Bolt took much of the dialog of the trial scene in A Man for All Seasons straight out of William
Roper’s and Nicholas Harpsfield’s biographies.
He updated some of it, of course, since most people today wouldn’t know
that calling Richard Rich a “javel” was an insult.
What this writer found interesting is something that Bolt
left out of the trial scene; a legal point that would not have made sense to
non-lawyers and would have been very difficult to portray dramatically: the
fact that, even if More had said exactly what Rich claimed he said in his
perjured testimony, it would not have been treasonous!
It would have been a private conversation (i.e., not a public declaration),
expressing an opinion, and therefore not “malicious,” i.e., intending to deprive the king of his title. Thus, even
if More had made the statement reported by Richard Rich he would not
have been guilty.
Case in point: during the reign of one of the Edwards, I,
II, or III, I don’t recall which one, two Anglo-Irish earls, Fitzgerald and
Butler (traditional enemies, by the way), got into an argument, and Fitzgerald
called the king a few names. Butler
tattled on him to Parliament in an effort to get Fitzgerald attainted a traitor
. . . so that he, Butler, could be awarded the Fitzgerald lands. No self-interest there.

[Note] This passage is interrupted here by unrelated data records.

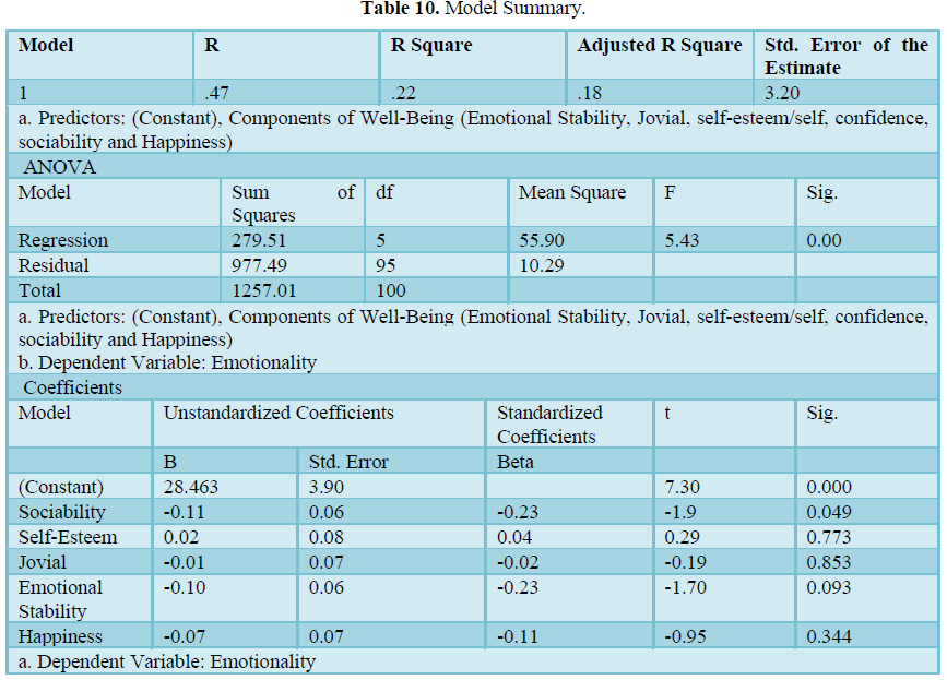 Table 10 reveals that 22.2% variation in the emotionality dimension of test anxiety (dependent variable) was explained by the components of well-being (independent variable). The F=5.43; p<0.01, indicates that independent variables jointly explains variations in the dependent variable significantly.
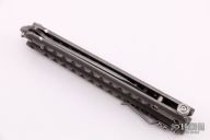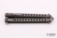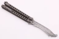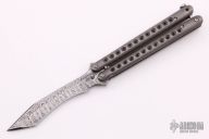 This Balisong features a Stainless Damascus recurved blade. The handle features bead blasted titanium complemented by a matching tip up pocket clip. Includes a padded zippered case. Excellent condition.
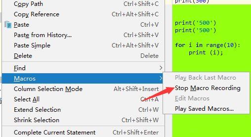 在代码编辑当中,输入完成之后,点击 stop macro recording的选项。

The case came up before Parliament, and Parliament declared
that because the words had been said in private conversation and not in public it was a matter touching the king’s personal dignity, and not
treasonous. It was therefore referred to
the king to see what he wanted to do about it, if anything.
Before the king could take the matter under consideration,
Butler probably figured he was in a great deal of trouble for instigating a lot
of fuss about nothing, and decamped for France.
The king told Fitzgerald to mind his tongue in the future, but otherwise
go home and mind his own business.
I don’t recall how much trouble Butler got into for
commencing what today would be called a frivolous lawsuit and opening himself
up to a charge of malicious prosecution (and wasting Parliament’s and the king’s
time), but it must have been a lot if he ran away to France, leaving his lands
without the king’s permission. I don’t
recall that Butler forfeited his lands, but he could have for his stunt.
Of course, the Plantagenets were elected, not self-appointed
as were the Tudors, and (usually) a bit less dictatorial. A Plantagenet claimant to the throne had to
present his case to Parliament, while the Tudors simply ordered Parliament to
recognize them. Richard III was, I
believe, the last king of England actually to present his case to Parliament.